The legislative branch can step up to protect its legislative authority as well. Perhaps the Virginia legislature could pass a law requiring that the state legislature vote to approve continuing a state of emergency after 30 days have passed from the initial declaration, so there is legislative accountability for the governor. Our representatives, who are accountable to their local constituents that voted them in, can go on the record for where they stand and vote on whether there is a true emergency that demands the use of Emergency Powers and define what the emergency is. This gives a voice to the people of Virginia. The legislature can then reconvene to discuss the scope, duration, and purpose of any powers delegated to the governor.

And finally the people should hold the government accountable for its use of extraordinary power and speak up for freedom. At least one of the hospitals in my area has already started to offer elective surgery against the Governor’s lockdown orders in order to help those who need care, lest their health deteriorate. But imagine police arresting doctors and surgeons for not complying with the Governor’s executive order. I doubt that will happen, but it shows the folly of Gov. Northam’s edict. (Edit on April 29th: The Governor is responding to the pressure from the doctors and will now allow elective medical and dental procedures to go forward on May 1, so in a few days knee surgeries and heart valve repair surgeries can go forward without fear of criminal prosecution.)

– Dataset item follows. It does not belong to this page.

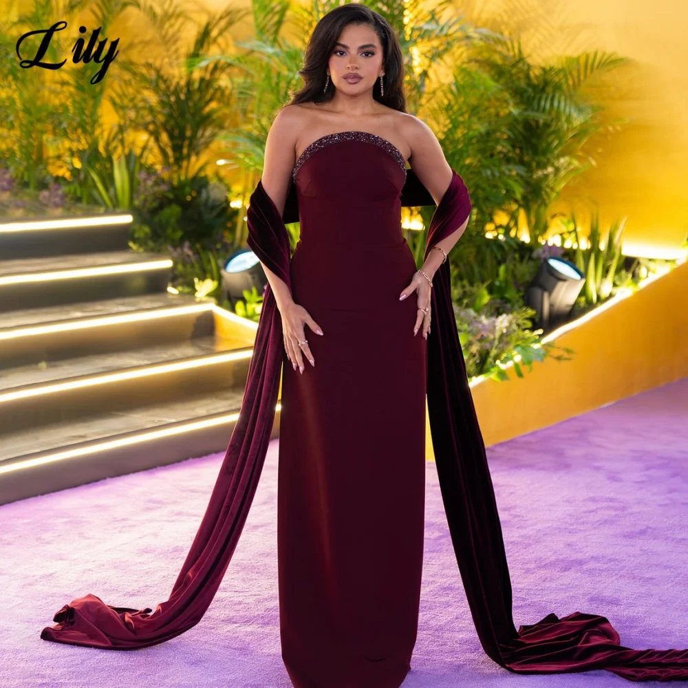 Лили Шикарные бордовые платья для выпускного вечера без бретелек Вечерние платья с пятнами Изысканные плиссированные детали Вечернее платье по индивидуальному заказу

As the Federalist notes, the lockdown will end when the people say it ends.

“Over the next week or two this balance between the power of the government and the will of the people will continue to shape the coronavirus response. But that balance is beginning to shift in favor of the population, this is America, and it is Americans, not our government that will ultimately decide when this cloud lifts. That is as it should be, and thankfully leaders like Trump and Cuomo understand this. The United States began in earnest with the words ‘We the people.’ The coronavirus lockdown will end as a result of that very same authority.”